Case Report

Two Subsequent Metachroneus Solid Tumors: Oncocytic Variant Adrenocortical Carcinoma and Rhabdomyosarcoma of Childhood: Case Report and Literature Review


  • Onur Akın
  • Erman Ataş
  • İrem Ayşe Atasoy
  • Nihal Durmaz
  • Ömer Kartal

Received Date: 25.03.2020 Accepted Date: 02.06.2020 J Clin Res Pediatr Endocrinol 2021;13(2):225-231 PMID: 32539319

Most cases of malignancies appear to be sporadic, but some syndromes are associated with malignancies with germline variants. Herein, a child with an unusual association of oncocytic variant adrenocortical carcinoma (ACC) and rhabdomyosarcoma (RMS) was presented. An 18-month-old-boy was admitted with virilization of the genital area, penis enlargement and erection, which had begun six months earlier. Serum total testosterone (457 ng/dL; NR <10), androstenedione (3.35 ng/mL; NR <0.5) and dehydroepiandrosterone- SO4 (206 mcg/dL; NR<35) were above the normal ranges. Right adrenal mass was detected. After adrenalectomy, histopathological examination revealed an oncocytic variant ACC. Three-month after surgery, he then presented with 6x8 cm sized swelling of the left leg. Histopathological examination revealed embryonal RMS. Testing for tumor protein (TP53) variant by DNA sequence analysis was positive; however; fluorescence in situ hybridization analysis was negative. After chemotherapy and local radiotherapy, the patient is in good condition without tumor recurrence. Only about one-third of these tumors have a variant of TP53. This status also applies to other genetic variants related to cancer. However, a significant association of malignancies strongly suggests a problem in tumor suppressor genes or new variants. Another as yet unidentified suppressor gene may also be present and effective in this locus. The occurrence of ACC as a part of a syndrome and positive family history of malignancies in patients are clinically important. These patients and their families should be scanned for genetic abnormalities. The patient with ACC should be followed-up carefully for other tumors to detect malignancy early.

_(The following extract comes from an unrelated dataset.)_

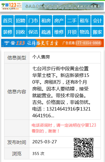 七台河步行街中段黄金位置华莱士楼下。新店新装修150平。房租8万,还有8个月房租。因本人要结婚,接受就能营业。带技术带设备。吉兑。价格面议,非诚勿扰。电话:13214641916李13214641916 【电话咨询时,请一定说明在七台河信息网看到的,谢谢!】 |

Keywords: Child, adrenocortical carcinoma, oncocytic variant, rhabdomyosarcoma, TP53

What is already known on this topic?

Adrenocortical carcinoma can be related to other cancers.

What this study adds?

Sequence analysis should be performed if fluorescence in situ hybridization analysis is negative. Analysis of Hounsfield unit density of the tumor on imaging can help to distinguish malign from benign. The Lin-Weiss-Bisceglia system should be used instead of the Weiss system for the oncocytic variant.


Oncocytic variant adrenocortical carcinoma (ACC) is an extremely rare tumor, with an incidence of 0.72 per million of population annually (1,2). In our country, ACCs account for 6.9% of carcinomas and other malignant epithelial tumors, and 0.19% of childhood cancers (3). Only 147 cases with adrenal oncocytic neoplasm have been reported in the literature (4). Although most cases of ACCs are sporadic, ACCs have an association with hereditary cancer syndromes such as Li-Fraumeni syndrome (LFS) and Beckwith-Wiedemann syndromes (BWS) (5). The pathogenesis of sporadic ACCs is less well understood. Tumor suppressor genes have a significant role in the development of cancer (6). Breast cancer, soft tissue and bone sarcoma, brain tumors, Wilms’ tumor, neuroblastoma, and hepatoblastoma are some types of cancer that are associated with ACCs. However, well-known oncogenes/tumor suppressor variants are not relevant to each malignancy. Environmental factors and decreased penetrance of a particular gene defect cannot be excluded (6).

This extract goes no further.